I believe there is a long standing pattern in the code base of inventing new words for existing phenomena, or very closely related concepts. This is not a good habit IMO. It obfuscates the technology, it’s concepts and principles, to new developers and others. I think it is important with stringency, and minimalism in the nomenclature, trying to keep it small where possible (i.e., if we are talking about versions, use Versioned, not another different word to mean the same thing), and trying to keep it related and close to existing developer nomenclature.

3 Likes

Current structure and nomenclature:

Published / Unpublished

Unpublished

  • Private
    – Encrypted
    – Plain text
  • Shared
    – Encrypted
    – Plain text

Published

– Encrypted
– Plain text



Alternatives (same structure)

Private / Public

Private

  • Secret
    – Encrypted
    – Plain text
  • Shared
    – Encrypted
    – Plain text

Public

– Encrypted
– Plain text


Restricted / Public (1)

Restricted

  • Private
    – Encrypted
    – Plain text
  • Shared
    – Encrypted
    – Plain text

Public

– Encrypted
– Plain text


Restricted / Public (2)

Restricted

  • Secret
    – Encrypted
    – Plain text
  • Shared
    – Encrypted
    – Plain text

Public

– Encrypted
– Plain text

3 Likes

I am not clear on the boundary between of low level and high level. I would consider self-encryption as low level, because it is automatically invoked when files are uploaded. The only problem is that small files (< 3KiB) are not encrypted.

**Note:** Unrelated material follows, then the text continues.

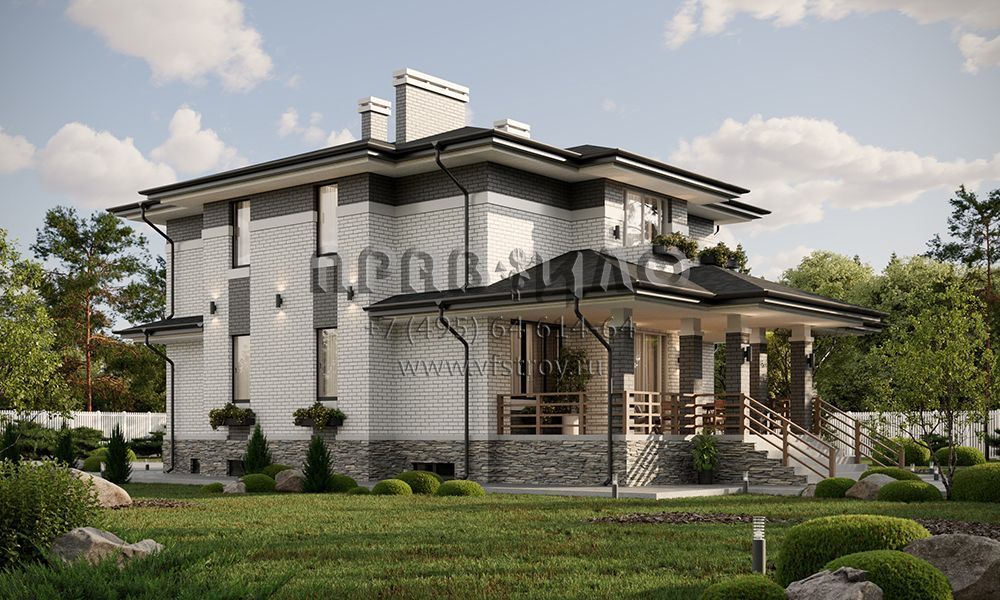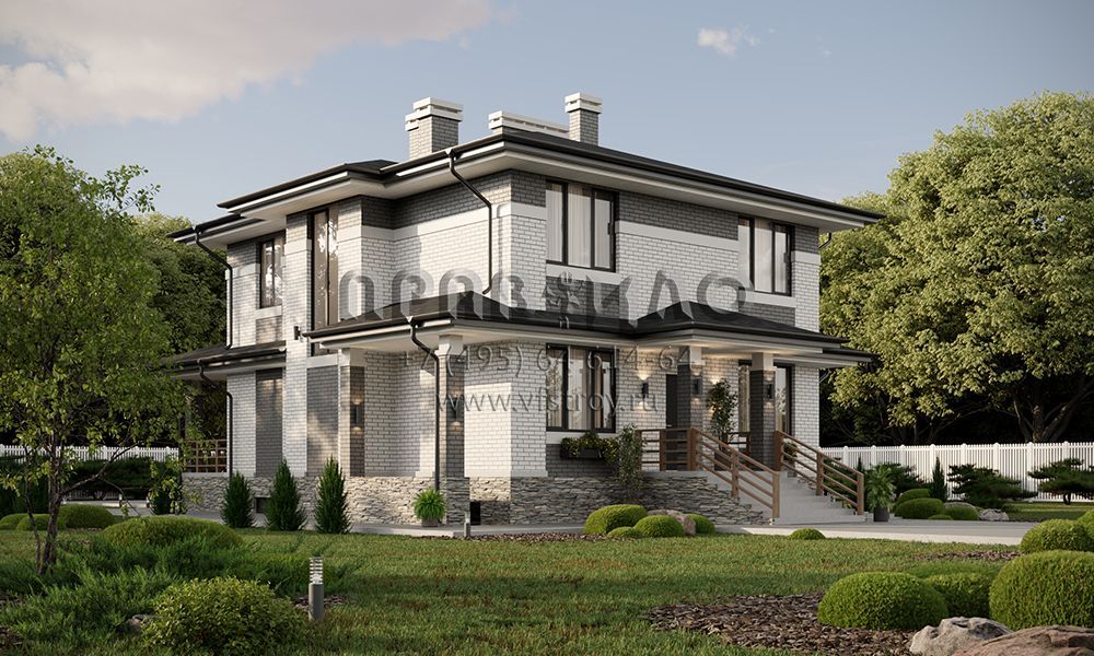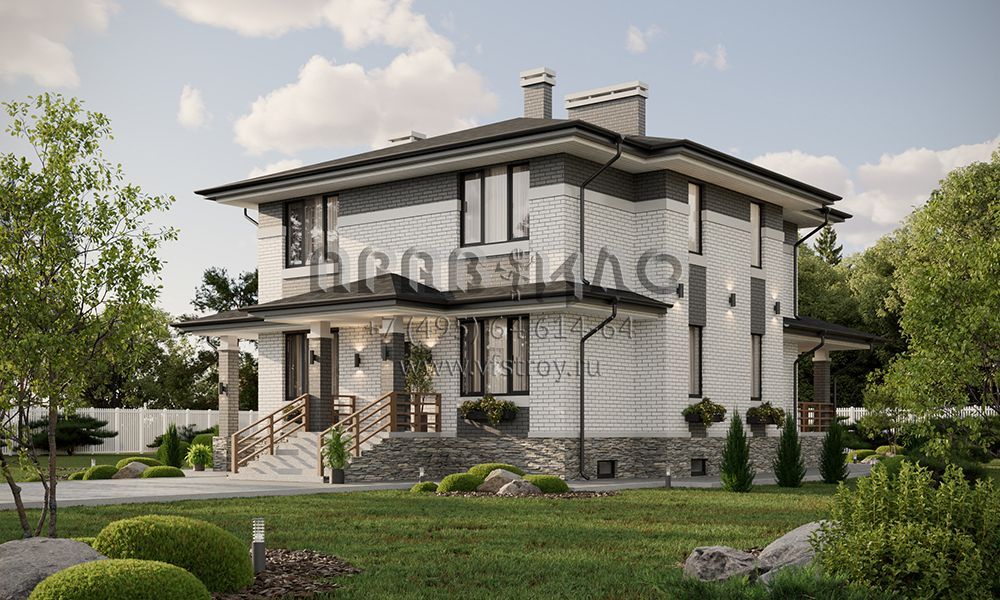 Проект большого дома в стиле Райт с подвалом и балконом на втором этаже S2-303 (330-303-2П)

I think users should be warned when they are about to upload private small files. This would give them an opportunity to check that these files are not confidential. For example, the dry-run option of the CLI could indicate if a file won’t be encrypted.

2 Likes

I’m also not the biggest fan of Unpublished, however Restricted seems wrong too because Published is actually kind of more restricted, as this data can’t be deleted.

Intuitively I would say that I like the idea of splitting Private into Private and Shared and additionally having Public the most.